-- Data for processing follows --
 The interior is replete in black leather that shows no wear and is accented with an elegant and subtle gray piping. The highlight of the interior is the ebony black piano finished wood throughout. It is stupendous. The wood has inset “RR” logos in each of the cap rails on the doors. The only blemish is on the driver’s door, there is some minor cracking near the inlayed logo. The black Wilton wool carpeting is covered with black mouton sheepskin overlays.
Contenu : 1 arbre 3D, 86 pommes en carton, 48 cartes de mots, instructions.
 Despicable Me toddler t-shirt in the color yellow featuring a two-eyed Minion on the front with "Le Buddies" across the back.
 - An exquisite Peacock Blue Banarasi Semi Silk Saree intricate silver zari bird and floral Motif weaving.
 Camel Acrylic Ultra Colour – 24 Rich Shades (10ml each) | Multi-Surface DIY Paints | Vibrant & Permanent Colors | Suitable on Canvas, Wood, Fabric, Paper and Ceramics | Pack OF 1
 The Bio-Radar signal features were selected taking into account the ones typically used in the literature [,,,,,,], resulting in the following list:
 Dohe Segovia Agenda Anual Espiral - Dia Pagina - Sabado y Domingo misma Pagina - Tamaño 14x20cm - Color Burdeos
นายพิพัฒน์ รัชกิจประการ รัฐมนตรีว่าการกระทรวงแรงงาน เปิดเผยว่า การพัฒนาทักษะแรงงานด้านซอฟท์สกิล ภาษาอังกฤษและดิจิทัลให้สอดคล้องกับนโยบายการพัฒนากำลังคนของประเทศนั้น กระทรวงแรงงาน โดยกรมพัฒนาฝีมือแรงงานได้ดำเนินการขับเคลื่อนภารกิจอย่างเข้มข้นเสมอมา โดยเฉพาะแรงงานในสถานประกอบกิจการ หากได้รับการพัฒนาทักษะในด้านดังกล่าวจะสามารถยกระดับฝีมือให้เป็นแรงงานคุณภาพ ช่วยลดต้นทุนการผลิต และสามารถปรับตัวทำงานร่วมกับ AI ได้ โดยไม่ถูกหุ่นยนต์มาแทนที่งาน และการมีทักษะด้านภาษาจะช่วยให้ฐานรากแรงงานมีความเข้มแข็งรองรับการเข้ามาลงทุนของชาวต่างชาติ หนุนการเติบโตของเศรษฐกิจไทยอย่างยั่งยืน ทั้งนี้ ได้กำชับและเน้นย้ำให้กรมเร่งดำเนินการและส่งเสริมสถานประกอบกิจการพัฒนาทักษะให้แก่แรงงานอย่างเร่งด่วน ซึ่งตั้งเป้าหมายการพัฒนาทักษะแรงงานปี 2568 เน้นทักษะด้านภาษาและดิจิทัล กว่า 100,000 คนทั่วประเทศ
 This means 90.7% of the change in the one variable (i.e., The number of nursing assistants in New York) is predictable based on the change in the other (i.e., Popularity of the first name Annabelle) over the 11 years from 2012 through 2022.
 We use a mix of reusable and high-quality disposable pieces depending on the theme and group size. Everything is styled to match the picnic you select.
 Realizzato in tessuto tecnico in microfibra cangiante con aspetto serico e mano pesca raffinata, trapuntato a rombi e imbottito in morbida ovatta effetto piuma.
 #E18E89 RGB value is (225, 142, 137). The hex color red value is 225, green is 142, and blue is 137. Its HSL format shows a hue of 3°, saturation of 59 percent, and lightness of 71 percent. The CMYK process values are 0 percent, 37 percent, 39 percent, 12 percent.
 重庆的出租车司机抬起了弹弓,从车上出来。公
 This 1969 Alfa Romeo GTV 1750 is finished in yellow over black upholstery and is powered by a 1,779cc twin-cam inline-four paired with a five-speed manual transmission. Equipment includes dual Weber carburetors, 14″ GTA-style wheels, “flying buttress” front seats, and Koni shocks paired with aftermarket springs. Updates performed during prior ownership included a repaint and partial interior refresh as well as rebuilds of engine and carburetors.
-- Data for processing concluded --
— Problem to work on —
After locating the line with "The Bio-Radar signal" above, return that line and every later line through the one with "Dohe Segovia Agenda", word for word and with nothing else.

— Answer to the problem —
 The Bio-Radar signal features were selected taking into account the ones typically used in the literature [,,,,,,], resulting in the following list:
 Dohe Segovia Agenda Anual Espiral - Dia Pagina - Sabado y Domingo misma Pagina - Tamaño 14x20cm - Color Burdeos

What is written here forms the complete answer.